My theory is that so many cinematic sex scenes are bad because people are afraid to blur the lines between their own desires and the fiction they’re embodying. This is true of sex writing and fine art, too; creators use the lowest common denominator stand-ins for sexuality so they don’t risk being exposed.
On the other hand, some of the worse stories of exploitation in Hollywood have to do with directors allegedly manipulating their performers into their own power gratification. Sharon Stone claims that she didn’t know where Paul Verhoven positioned the camera when she uncrossed her legs in Basic Instinct. Maria Schneider has spoken out about feeling raped by the notorious and unscripted butter scene in Last Tango in Paris. And the less said about the treatment of the actresses in Blue is the Warmest Color the better. It’s completely unethical to withhold information to trick actors into getting the performance you want.

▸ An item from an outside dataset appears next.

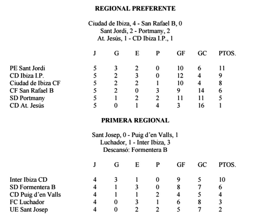 @Noudiari / La liguilla de Regional Preferente, que este domingo cerró la primera vuelta, está más igualada que nunca. El Sant Jordi no pudo aprovechar el tropiezo del CD Ibiza, que por la mañana empató en el campo del Jesús (1-1), y también hizo tablas frente al Portmany (2-2). El Ciudad de Ibiza, por su parte, hizo los deberes y goleó al San Rafael B por 4-0.

It disrespects their humanity, and it disrespects their abilities as storytellers.
The more we know that the sex scenes we watch in film and porn scenes we stream online are supported by transparent production ethics, the more we will be able to enjoy what we’re seeing without being distracted by worry that someone is being exploited against their will.
“‘Clear boundaries, no limits,’ was a maxim for my BDSM play and it applies just as well to my work as an intimacy coordinator.
The solarium scene ended up better than any of us could have dreamt. Dramatic rain against transparent walls contrasted gorgeously with the tenderness between the characters (even if it was a pain for the sound guy!) After watching many takes in real-time, I repositioned myself to see through the camera person’s monitor, and realized something that took my breath away; how all these craftspeople could take a scene between a fictional pro domme and her fictional submissive and transform it with the language of film. Knowing firsthand that the actors felt safe and supported made me hopeful about the future of all entertainment industries.
As Troy says, “‘Clear boundaries, no limits,’ was a maxim for my BDSM play and it applies just as well to my work as an intimacy coordinator. I like to establish the field of what is (and isn’t) possible before a scene starts so that once we’re in the flow, there’s no uncertainty, just creativity.”
An “intimate” scene has infinite possibilities; it can have any tone and meaning for the characters, story, or aesthetics of the movie. It can be gratuitous, humorous, romantic, manipulative. It can be about how well the characters know one another, or how much they don’t, or how much they think they do. So in making these scenes, how do artists discuss technicalities like thrusting style or the believability of a performed orgasm without veering into inappropriateness?
I don’t have all the answers (yet!), but I know one thing for certain: professionals need to talk about sex scenes, drag these topics out of the realm of unspoken taboos and transform them into strategies. It’s the only way to reduce harm, and it’s the only way we’re going to get great art worthy of the liberated future culture we’re all trying to build.